ASU’s Leshin Named to Commission to Plan Future of NASA

President George W. Bush has named Arizona State University Professor of Geological Sciences Laurie Leshin to the President’s Commission on the Implementation of U.S. Space Exploration Policy, a commission that he announced would be formed in a speech on January 14.

The President detailed an ambitious new mission for NASA and, according to White House documents, “formed a Commission on the Implementation of U.S. Space Exploration Policy to advise NASA on the long-term implementation of the President's vision.” Leshin is the only Arizonan appointed to the critically important nine-member commission, and one of four scientists.

See the White House releases for further details: www.whitehouse.gov/news/releases/2004/01/print/20040130-7.html)

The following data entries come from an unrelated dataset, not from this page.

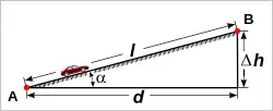 La pente peut encore être exprimée lorsque la distance horizontale n'est pas connue mais que l'on mesure la longueur sur le terrain entre les deux points d'extrémité d'altitudes connues : cette valeur permet de calculer le sinus de l'angle d'élévation, soit la dénivelée divisée par cette longueur, donc de connaître cet angle, donc d'établir la pente du terrain concerné : c'est la tangente de l'angle d'élévation. Lorsque cet angle est faible, inférieur à 17°, la différence entre la valeur de la tangente et celle du sinus est inférieure à 5 %, donc peu significative : dans ce cas, en première approximation, ces valeurs sont souvent considérées comme identiques[N 1]. Les rampes de chemin de fer sont souvent présentées dans ces conditions.
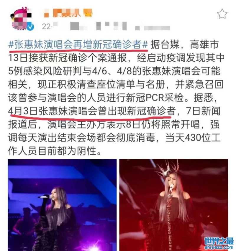 台湾知名歌手张惠妹,演唱会上又出现了新的确诊者,而早在3号的时候,就已经有人在其演唱会上确诊,如今又有了。
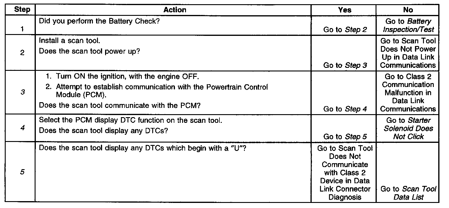 3. Lack of communication may be due to a partial malfunction of the serial data circuit or due to a total malfunction of the serial data circuit. The specified procedure will determine the particular condition.

Dr. Laurie Leshin is the Dee and John Whiteman Dean’s Distinguished Professor of Geological Sciences, and the Director of the Center for Meteorites Studies at Arizona State University. After attending Tempe public schools, she received her B.S. in Chemistry at ASU, and her Ph.D. in 1994 from the California Institute of Technology. Dr. Leshin is a cosmochemist primarily interested in deciphering the record of water on objects in our solar system – she has15 years experience performing quantitative analyses of extraterrestrial rocks in the laboratory, and participating in NASA flight projects. A primary part of her research involves using meteorites from Mars to assess the history of water and the potential for life on the red planet. Dr. Leshin plays a major role in ASU’s Astrobiology Program where she works to understand the formation of life’s precursor molecules on asteroids. She directs research, education, and curation activities in the ASU Center for Meteorite Studies, which houses the largest University-based meteorite collection in the world. Dr. Leshin is also the leader of the Sample Collection for Investigation of Mars (SCIM) mission, which was recently a finalist for flight by NASA. If flown, SCIM could be the first robotic round-trip mission to Mars, returning valuable dust and atmosphere samples to Earth for analysis.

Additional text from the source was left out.